Defective chips can be expensive for computer manufacturers, especially when the hardware is recalled. They can also be a hassle for consumers, as they can cause computers to miscalculate, slow down, and, sometimes, crash. Computer-science professor Josep Torrellas thinks he has found a better way to deal with faulty chips: an efficient repair mechanism that treats hardware more like software, by fixing bugs with downloadable patches. His system is still in development, but he says it could ultimately make chip production faster and cheaper.
“We know how to fix software really easily,” says Torrellas, a professor at the University of Illinois at Urbana Champaign. “We send patches around. Wouldn’t it be nice if you could simply get another patch from the vendor to fix your hardware?”
The centerpiece of Torrellas’s system is Phoenix: special hardware that resides on the chip and can be programmed to detect defects and implement solutions. The prototype hardware consists of a standard semiconductor device called a field programmable gate array. While such devices are typically a bit slower than chips made for a single application, they have the advantage of being easily reprogrammed–an essential feature of Torrellas’s system.

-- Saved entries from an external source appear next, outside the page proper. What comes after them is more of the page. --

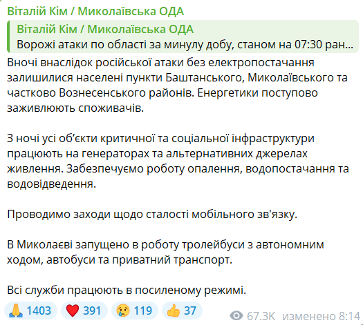 Глава Николаевской ОГА Виталий Ким сообщил, что в Николаеве после ночных ударов по области возникли проблемы с мобильной связью и электротранспортом. На улицы вышли троллейбусы с автономным ходом.
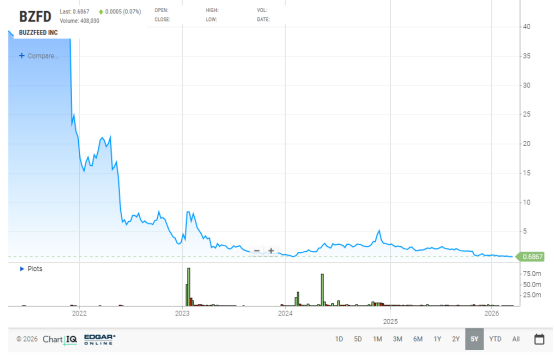 先说结果:截至2026年3月,BuzzFeed市值从巅峰期的17亿美元,惨烈缩水至仅剩2600万美元左右,跌幅超过98%。
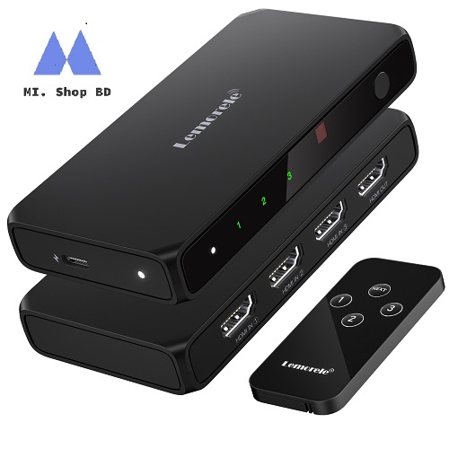 3. The switcher also has a smart switching function that automatically detects and switches to the most recently active input source, simplifying the operation process. In addition, the switcher also supports the high-bandwidth HDMI 2.0 standard to ensure stable and high-definition quality of the transmitted video and audio signals. 4. Switching can be done using the provided remote control or the buttons on the device to conveniently select the desired input source. The switcher may also have other functions, such as remote control, fast switching and LED indicators, to provide more operational convenience and visual information.
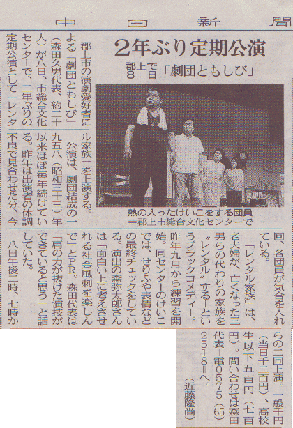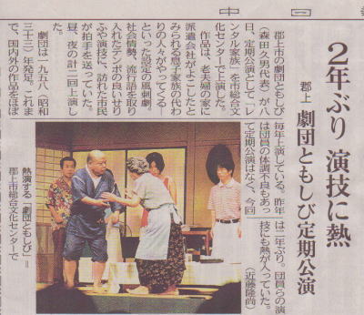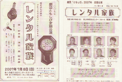 作・砂本 量 演出・森 弥太郎 2007年7月8日 郡上市総合文化センター 入場者数 14:00 193人 19:00 230人 |

In some ways, the system works much like antivirus software, which uses downloaded virus information to identify and eliminate new threats. Similarly, if a defect is discovered on a Phoenix-enabled chip, the manufacturer would automatically transmit the patch to all machines that might be affected. The patch contains a defect signature outlining the specific events that lead to the hardware problem. (For example, when the processor executes certain instructions and stores something in a particular part of the computer’s memory, the computer might crash.) Once installed, the patch reprograms the Phoenix device so that it monitors the chip for the defect signature and alters the computer’s processes to prevent a crash.
Torrellas says that most chips have dozens of defects, although not all are catastrophic: some simply result in miscalculations, for example. Today, manufacturers often deal with hardware problems by disabling features that are found to be defective. “In the end, the user loses functionality,” Torrellas says. When no solution can be found and the problem is critical, manufacturers recall the chips at their expense. A patching scheme would avoid those costs and maintain the chip’s functionality.
A Phoenix-enabled chip would also have a shorter time to market, according to Torrellas. Manufacturers could skip the last few weeks of testing, knowing that ultimately, they can solve problems with patches. “If they know that they could fix the problems later on, they could beat the competition to market,” he says.